In an article published by Sol Gazetesi, Ayçin Özoktay documents the exploitation of daily domestic service employees, now an integral part of the service industry which functions like other industrial sectors on a capitalist mechanism that rests on the exploitation of a work force « with no security » , « flexible » and « indexed on the basis of performance ».
In this Kedistan article you will find Ayçin’s report, excerpts of an interview she conducted with Feyza, a cleaning woman, and our reflections.
First, let’s note that in Turkey, day laborers working in domestic cleaning are mostly women, « of course ».
Ayçin Özoktay groups the work methods into three large families :
• Individual work : women who work on an individual basis and who usually find their employers through acquaintances. They work as « dailies ». The work is at the survival level for persons jeopardized by capitalism and who exert daily efforts in finding alternative revenue sources.
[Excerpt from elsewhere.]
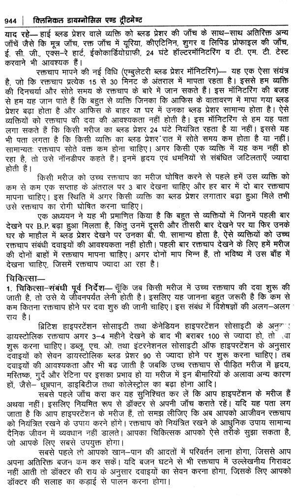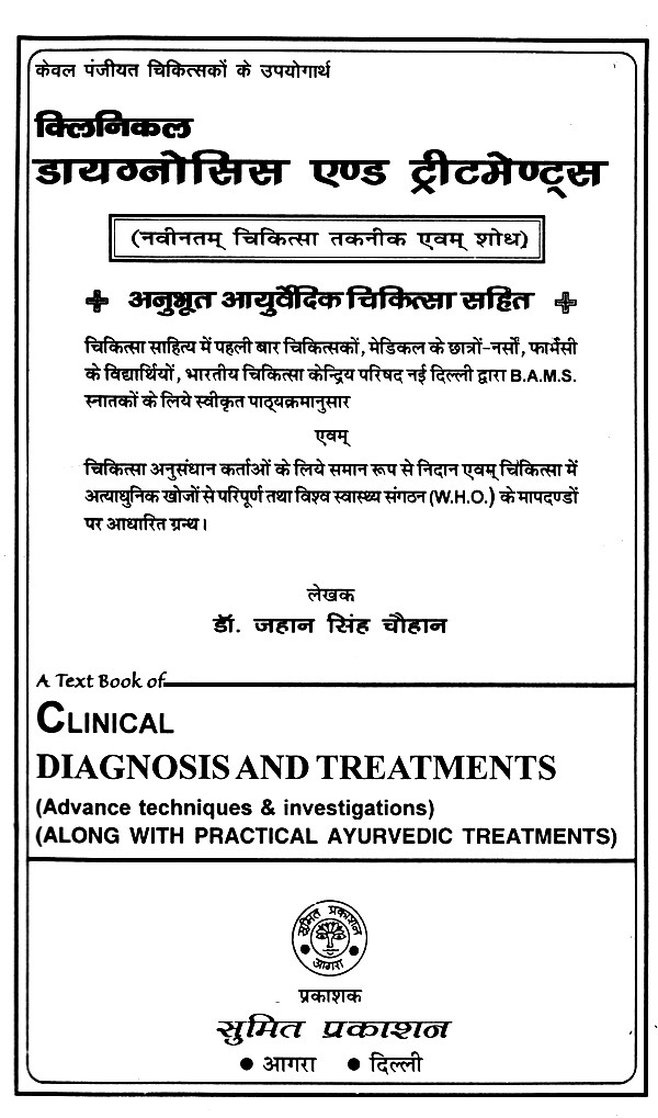 'क्लिनिकल डायग्नोसिस एण्ड ट्रीटमेंट' (Clinical Diagnosis and Treat-ment) अत्याधुनिक चिकित्सा एवं शोध की इस पुस्तक को प्रस्तुत करते हुए मुझे आत्मसंतोष की अनुभूति हो रही है क्योंकि मैं चिकित्सा क्षेत्र के दीर्घकालीन अनुभव और चिकित्सा विषय / रोग विशेषज्ञों (Disease specialist) के सुझावों को चिकित्सा जगत के व्यापक हित में प्रस्तुत करने का अपना ध्येय साकार कर रहा हूँ। भारत की राष्ट्र भाषा हिन्दी में आधुनिक चिकित्सा शास्त्र पर इस प्रकार की एक भी पुस्तक उपलब्ध नही है। हमारे मेडिकल कालेजों में यद्यपि शिक्षा का माध्यम अंग्रेजी ही है, हम इस तथ्य का आभास कर रहे हैं कि हमारे छात्र हिन्दी माध्यम से माध्यमिक शिक्षा प्राप्त करने के पश्चात् अंग्रेजी की पाठ्यपुस्तकों (Text books) को समझने में कठिनाई का अनुभव करते हैं, स्नातक छात्रों के पास हिन्दी में मेडिसिन की पुस्तक होने से उन्हें इस विषय को समझने में सहायता मिलेगी। यह निर्विवाद है कि इस देश में बीमारियों पाश्चात्य देशों से भिन्न प्रकार की हैं तथा उनके लक्षण एवं चिन्ह (Clinical symptoms & signs) भिन्न हैं। अतः हमारे छात्रों के लिये इस दृष्टिकोण से लिखी हुई पुस्तक अधिक लाभदायक होगी।

• Cleaning firms : With the generalized arrival of these firms as go-betweens for employers and individual cleaning women, these last become proletarians. For the firms collect commissions on their daily wages and the cleaning women thus become workers supplying a profit for the capital invested by these firms.
• “Virtual firms » : These are the most recent entries on the market, they have developed rapidly, « organizing » services via social media networks.
The work conditions in themselves are not very different in these three major groups. We’ll look more closely at the « virtual firms » because Feyza works at “Armut Temizlik”, or rather « via » this firm which operates on social networks.
This firm offers its “services” in Ankara, Istanbul and Izmir. Feyza specifies that she applied to this firm when she found herself unemployed and had to pay her rent. She explains she was hired following a videoconference interview on WhatsApp. She has no insurance against work-related accidents and she is not hired with a contract stipulating who is the owner of the home she must care for, and who « may acquire an accident insurance, if they so wish ». Payment is on an hourly basis, 15 Turkish lira per hour for the first hire, the equivalent of 3,69€ at the current rate of exchange. And no doubt, « the first time » she is considered « on trial » by the firm. Starting with the second job, payment goes up 17 Turkish lira (4,18€).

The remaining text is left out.